The People's remaining argument, is that the juror was subject to challenge and discharge for cause pursuant to CPL 270.15 (4). The argument, however, is completely unpreserved, never having been made before the trial court*fn3 or even raised at the Appellate Division, and, in any event, without merit. There was no basis for the court to conclude, as the People lately contend, that the juror's mental state was "likely to preclude him from rendering an impartial verdict based upon the evidence adduced at the trial" (CPL 270.20 [b]). The speculation that if he both worked and sat on the jury he might be inattentive did not warrant the conclusion that he was likely to render a biased verdict and, in fact, the court did not make any such finding.

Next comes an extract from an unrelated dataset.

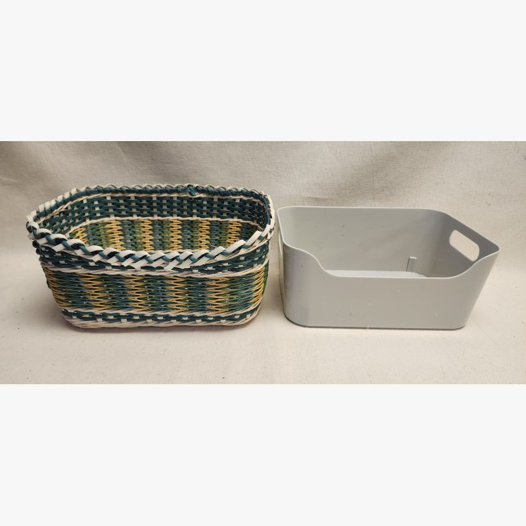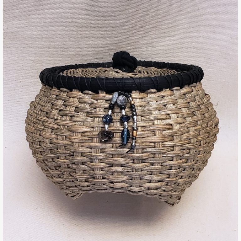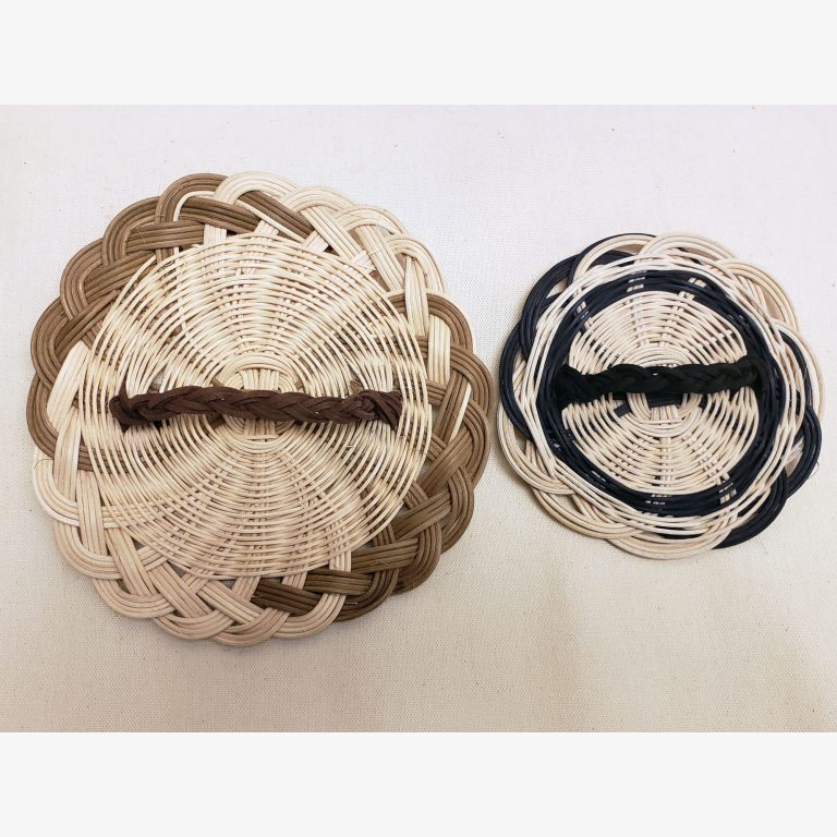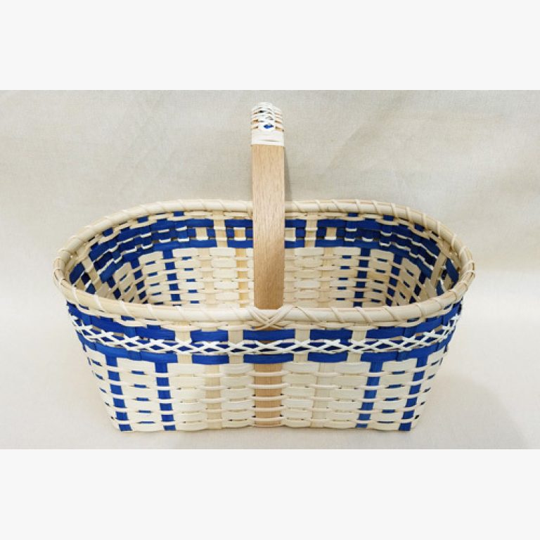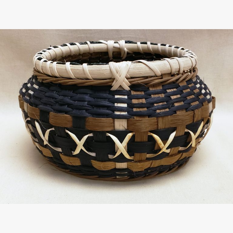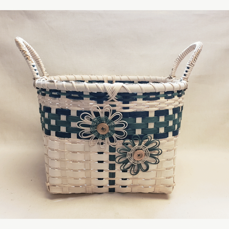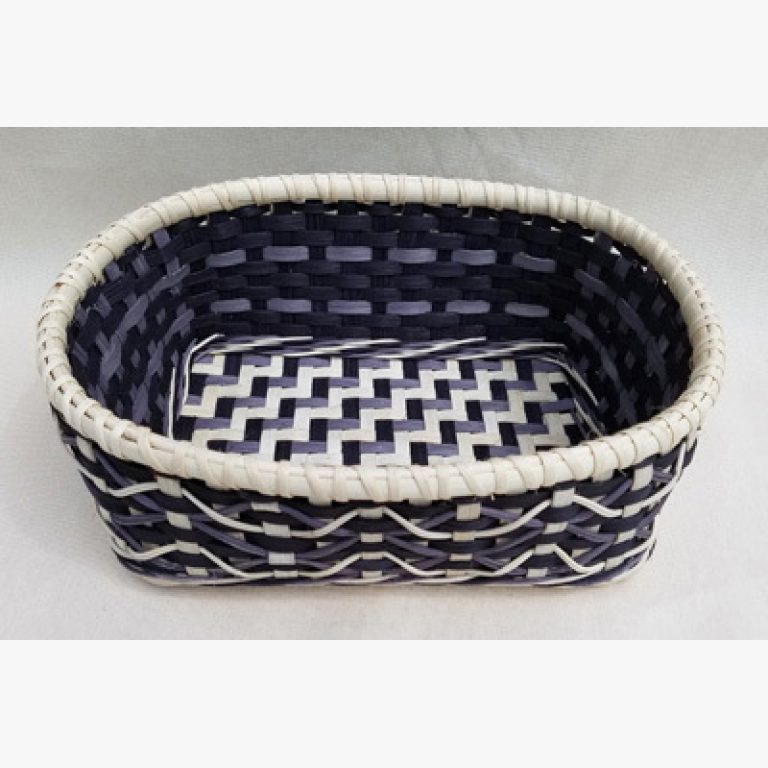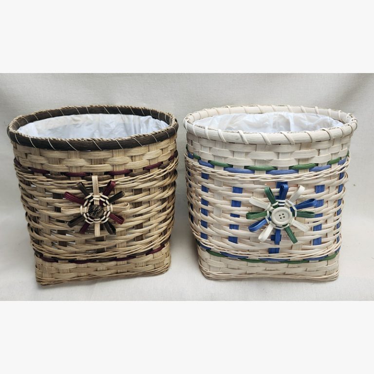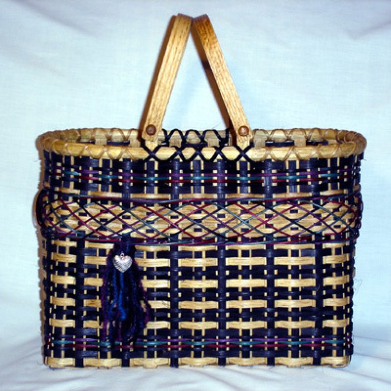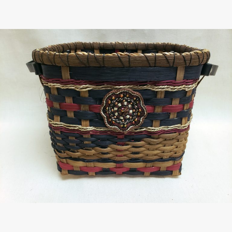 This timeless Wine/2-liter pop carrier is accented with thin chair caning. The majority of the basket is start/stop weaving with a woven divider down the center to keep the bottles from touching. Learn this Infinity cross over center design overlaying the purple and hunter reed, the caned cross over handle and caned rim with godseyes at each handle.

Were I not of the view that reversal was required by reason of the juror's improper discharge, I would vote to remit the matter for resentencing. While I believe that defendant's sentencing as a persistent violent felony offender may be compatible with the rule of Apprendi v New Jersey (530 US 466 ) in light of Almendarez-Torres v United States (523 US 224 ), for the reasons stated in my partial dissent in People v Battles ( NY3d ) I cannot conclude that his sentencing as a persistent felony offender under New York's discretionary sentencing statute (CPL 400.20 ) is capable of surviving constitutional scrutiny.
Order affirmed, in a memorandum. Judges Ciparick, Graffeo, Read, Smith, Pigott and Jones concur. Chief Judge Lippman dissents in an opinion.